Samedi 18 septembre 1999
Abbatiale
Johann Sebastian Bach : Motets à double choeur ; Suites pour violoncelle seul
Peter Bruns (violoncelle)
Chorus Musicus Köln, Das Neue Orchester, Christoph Spering (direction)

Dimanche 19 septembre 1999
11h00 Tour Dauphine
Deux découvertes : Le Livre de tablature de clavescin de Marc Roger Normand Couperin ; The Purcell Manuscript
Davitt Moroney (clavecin)

20h00 Abbatiale
Ludwig van Beethoven : Symphonies 6 & 5
Ensemble Anima Eterna, Jos Van Immerseel (direction)

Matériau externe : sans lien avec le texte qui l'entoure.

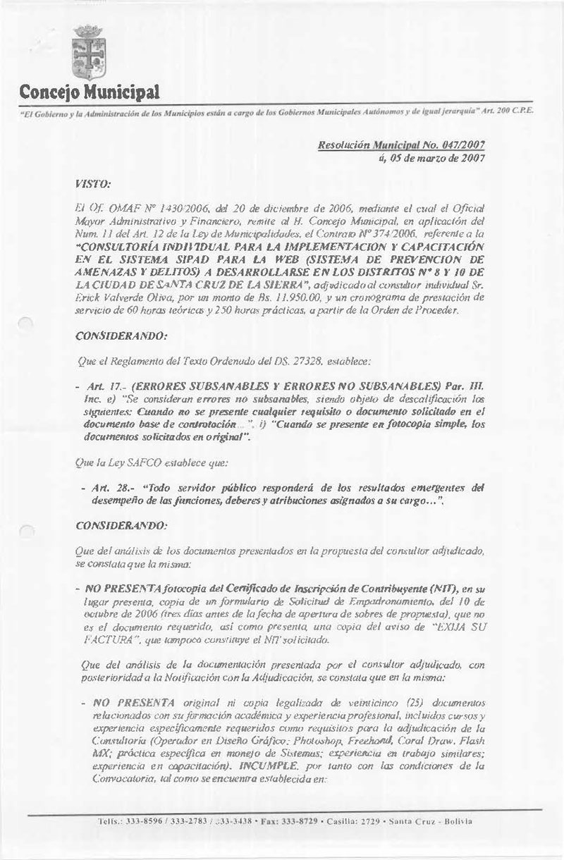 Resolución Municipal Nº 47-2007
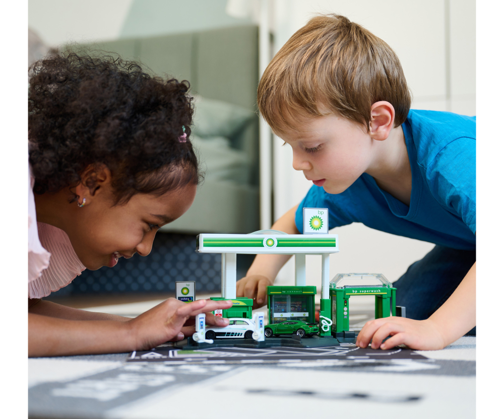 - Stazione di servizio BP in scala giocattolo con pompa di benzina, colonnina elettrica e autolavaggio.
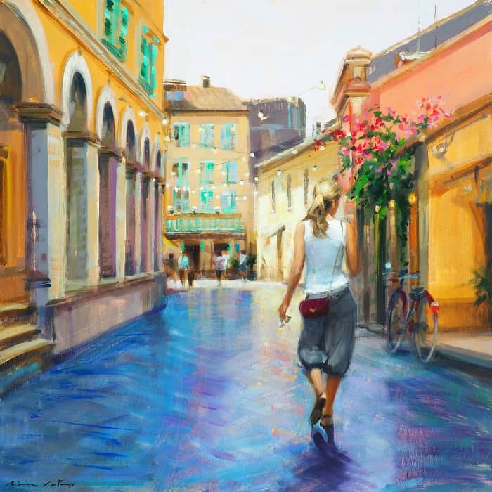 Més informació sobre l'obra First afternoon in Corfú de l'artista Mònica Castanys al nostre Instagram @galeriaespaicavallers

Pour son vingtième anniversaire, le Festival propose une floraison d’interprètes fidèles à ce petit village de l’Ain. En premier lieu, bien sûr, Jordi Savall dont la venue à Ambronay coïncida avec ses premiers enregistrements. Entre deux symboles de l’époque glorieuse de la péninsule, un poète écrivain et un peintre, le chef catalan proposait un programme bien composé et parfaitement exécuté, entre la danse sacrée et la méditation séculière, avec un effectif réduit mais efficace : trois violes (Savall au dessus de viole, l’aristocratique Sergi Casademunt au ténor, et Sophie Watillon à la basse), le violone de l’explorateur des musiques baroques de l’Est, Lorenz Duftschmid, le théorbe et la guitare de Xavier Diaz, l’orgue du jeune Luca Guglielmi, le merveilleux coeur pulsatif des percussions de Pedro Estevan, et un quatuor vocal masculin où l’on remarquait la belle voix falsettisante de Carlos Mena, à côté de Lambert Climent, Francesc Garrigosa et Daniel Carnovich.

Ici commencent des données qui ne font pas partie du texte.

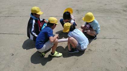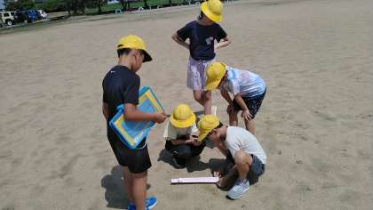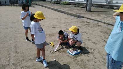 4年生は、5時間目に1組と2組がそろってグラウンドで活動していました。グループごとに分かれて卓球の玉を使って何やら観察をしていました。聞いてみると、グラウンドの傾きを調べているということでした。プール側から校舎側に向かって傾いている(低くなっている)そうです。
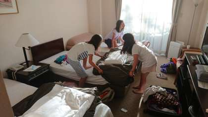 昨夜は疲れもあって、みんなあっという間に眠りについていました。起床して、部屋の片付けをはじめています。

Dans l’Espagne mélangée du Siècle d’Or, entre catholicisme fervent, héritage musulman et crypto-judaïsme, le " Baroque " trouve un lieu d’élection particulièrement propice. Le " meslange ", ou miscellanées du monde, est un élément constitutif du baroque qui marie sacré et profane, naturel et artificiel, ancien et moderne, local et étranger, héroïsme et mélancolie. Au fil des pièces proposées par la Capella Reial, c’est tout ce paysage qui prend vie. Une " Romance a la muerte de Dan Manrique de Lara ", de Juan de Leyva ouvre le concert en mettant en valeur, l’autorité et la puissance naturelle de l’alto de Carlos Mena. A travers différentes stations, celui-ci, qui avait commencé à chanter dans le fond du choeur, arrive sur la scène. A la suite de cette déploration prenante, Pedro Gerrero (une " Moresca ") et Mateu Fletxa (" Cancion Que Farem del pobre Joan ") apportent une touche populaire. La grande finesse du fil sonore du dessus de viole de Savall se déploie ensuite dans trois " Glosas " de Correa de Arrauxa.

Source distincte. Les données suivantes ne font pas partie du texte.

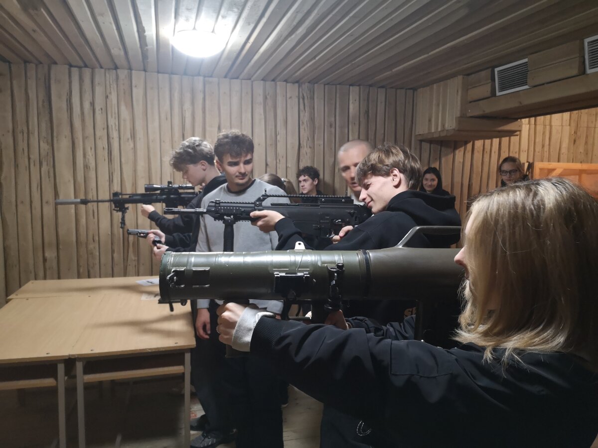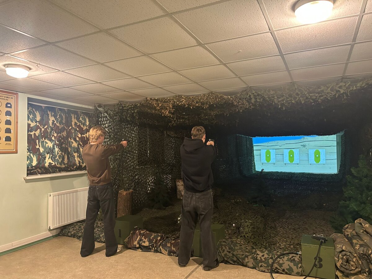 Vėliau išbandėme šaudymą pistoletu specialioje lazerinėje treniruočių erdvėje, kur šaudoma į

Un solo impressionnant de Carlos Mena dans l’anonyme " Angel : Deu vos salve verge imperial ", laisse place à un autre chant a cappella, extrait du Mystère d’Elche " Los apostolos : oh, poder de l’alt imperi ". Les deux ténors et la basse sont cachés dans le fond du choeur. La musique est simple mais hypnotique, prenante, portée par l’acoustique, bien meilleure qu’au centre du choeur. Trois hommes seuls, et c’est sûrement une des plus belles musiques qui aient résonné sous ces voûtes. On revient sur terre avec les virtuoses fioritures du " Tiento XVII Pange Lingua " de Joan Cabanilles qui répond au très intérieur " Tiento de falses " du même. Après d’autres pièces de Juan Vasquez, de Bernabé et une romance de Lope de Vega qui puisent l’émotion à même la finesse du trait, une danse du nouveau monde, la chaconne, termine avec Joan Aranès, ce mélange de sons, de races, de continents et de styles.

Christoph Spering était déjà venu à Ambronay pour présenter la version de Mendelssohn de la Passion selon St Matthieu (enregistrée depuis chez Opus 111). C’est également dans cet esprit qu’il présentait cinq motets à double choeur avec instruments (BWV 229, 226, Anh III 159, 228, 225). Le Chorus Musicus compte une cinquantaine de chanteurs qui déploient une grande aisance dans cette musique difficile. Les vocalises sont toujours bien modelées, l’ampleur et la puissance ne manquent pas, le style n’est pas trop sulpicien. Christoph Spering privilégie la ligne, la souplesse et la fluidité sur la distinction et les aspérités. L’énergie ne manque pas, comme dans le début et le final de " Singet dem Heern ". Toutefois, dans certains passages où la profusion des lignes de cette musique prend le dessus, la confusion s’installe. Le chef a eu la bonne idée de placer les musiciens dispersés dans chacun des deux chœurs ; toutefois cette relative osmose est gâchée par deux violoncellistes mis au premier plan qui jouent un peu trop fort et écrasent sur certaines harmoniques les pupitres masculins. Peut-être que les deux contrebasses, au fond des choeurs placés en U, auraient suffi.
En alternance, Peter Burns, remarquable violoncelliste, proposa deux suites, l’une en mi majeur et l’autre en do mineur. L’instrument est moderne, le style aussi. Malgré sa maestria, sa fougue, son engagement, on ressent un fort décalage stylistique qui ne doit pas toutefois gêner les musiciens " modernes " sortis des conservatoires.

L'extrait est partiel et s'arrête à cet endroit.